L’histoire :
Pendant que son ami craint de rendre l’âme et de recevoir la visite de la charrette fantôme, David Holm, un sans-logis, fait une rencontre qui pourrait bien changer sa vie en croisant le chemin de sœur Edith, une jeune religieuse résolue à le sortir de l’ornière.
Critique subjective :
Réalisé en 1939 par Julien Duvivier, La charrette fantôme est, depuis sa sortie, considéré, à juste titre, comme l’un des fleurons du cinéma fantastique hexagonal. Le métrage a donc tout à fait sa place à côté des Yeux sans visage ou de La Belle et la bête, deux autres grands classiques du genre en France.
Peut-être plus encore qu’une œuvre fantastique, le film de Duvivier est une saisissante peinture sociale, une plongée dans la misère. Bienvenue chez les pauvres, les clochards, les sans-logis. Hommes et femmes en haillons, tiraillés par la faim et souvent rongés par la boisson. Les fantômes d’une existence confortable désormais lointaine.

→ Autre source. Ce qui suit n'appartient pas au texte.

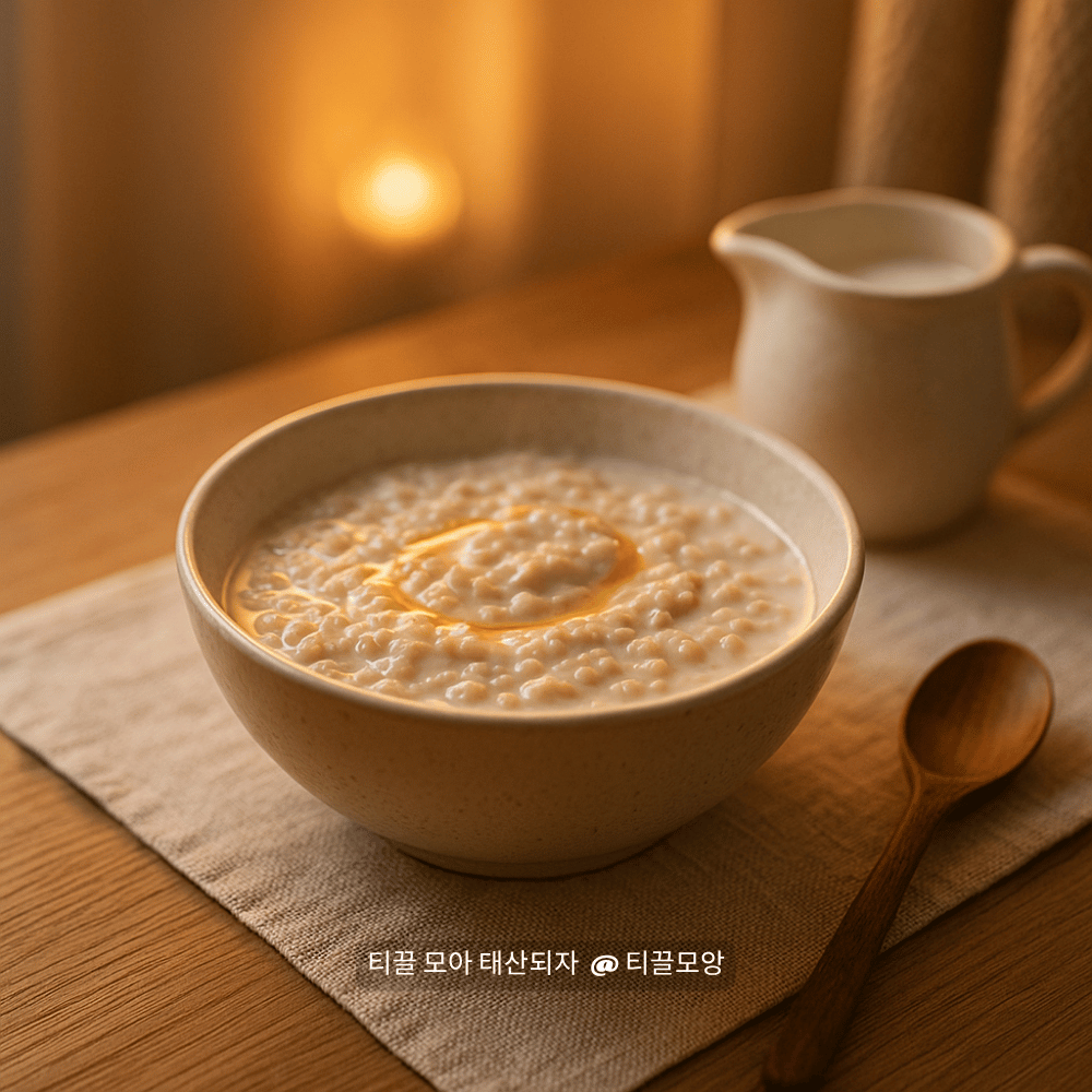 우유와 귀리를 함께 끓여 간단한 오트밀을 만들어 섭취하시면 수면에 도움이 됩니다.

Parmi eux, il y a « L’étudiant », un homme que l’instruction n’a pas préservé de la rue. Il raconte l’histoire de la charrette fantôme, un véhicule que conduit un terrifiant charretier, missionnaire de la grande faucheuse remplacé chaque 31 décembre à minuit par le dernier malheureux dont il vient prélever l’âme. Seuls ceux dont la fin est imminente peuvent entendre les effroyables grincements produits par les roues du véhicule ectoplasmique. Poignardé lors d’une rixe, L’étudiant craint de mourir et de devoir endosser le rôle du charretier pour un an.

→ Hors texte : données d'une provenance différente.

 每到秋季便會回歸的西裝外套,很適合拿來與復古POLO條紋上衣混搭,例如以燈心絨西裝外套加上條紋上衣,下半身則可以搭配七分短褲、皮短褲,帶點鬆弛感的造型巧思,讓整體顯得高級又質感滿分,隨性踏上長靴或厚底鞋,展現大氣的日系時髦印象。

Unique lueur dans cette ambiance pesante : Sœur Edith (Micheline Francey), une jeune religieuse qui, animée par une inébranlable foi en l’être humain, se tue littéralement à la tâche, se consacrant corps et âme au nouveau refuge ouvert par le secours catholique. Elle s’intéresse tout particulièrement à David Holm (Pierre Fresnay), un miséreux qu’elle pense pouvoir remettre sur le droit chemin.
Conte fantastique superbement éclairé et mis en scène (voir notamment ces plans magnifiques sur les visages des comédiens), La charrette fantôme constitue également un témoignage cinématographique sur une sombre époque, celle à laquelle la France et l’Europe s’apprêtaient à traverser leurs heures les plus noires. Impossible de ne pas faire le parallèle entre l’inéluctable venue de la charrette et la montée du péril nazi (Duvivier allait d’ailleurs s’exiler aux Etats-Unis peu de temps après la fin du tournage). Si l’on relève bien quelques éclairs d’espoir dans le métrage (la rédemption semble toujours possible), l’ambiance n’en demeure pas moins profondément pessimiste, sinon désespérée, comme marquée au sceau du contexte historique dans lequel le film fut réalisé.
Verdict :
Revêtant un intérêt à la fois cinématographique (esthétiquement, le film est un sans faute) et historique (le métrage est une puissante métaphore sur son époque), La charrette fantôme est une œuvre à (re)découvrir. Un classique tout sauf poussiéreux.